An old Taywood colleague tipped him off about the Kilnbridge role and he arrived nearly two years ago.
He says he can see Irvine Sellar’s entrepreneurial spirit in Kilnbridge founder Dermot McDermott who, while not involved day-to-day, stays in touch. “He keeps his finger on the pulse, he knows what’s going on but he leaves me to get on with it. He has been very good at enabling me to run the business as I need to.”
Married with three children aged 12, 10 and eight, Dannatt spends much of his working week away from his Windsor home, coming back at weekends. He thinks he ended up in construction because his own dad was a metalwork teacher in Dorset where he grew up.

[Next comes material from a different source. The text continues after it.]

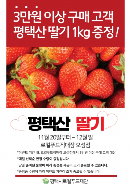 [충청뉴스큐] 평택시로컬푸드재단이 직영하는 로컬푸드직매장 오성점은 이달 20일부터 연말까지 직매장에서 3만원 이상 구매한 고객들에게 딸기를 제공하는 이벤트를 펼친다.

Above all, he still loves being on a site. “I have this inherent love of the industry and building things.”
So what’s his favourite building, then? “It’s got to be the Shard hasn’t it?” It’s not just because he worked on it, he says, but because of what it symbolises.
“It’s a beacon for what a modern London is. It respects the context of the station [London Bridge] and has unlocked all that upgrade work to the station and surrounds. It’s a landmark for the world.”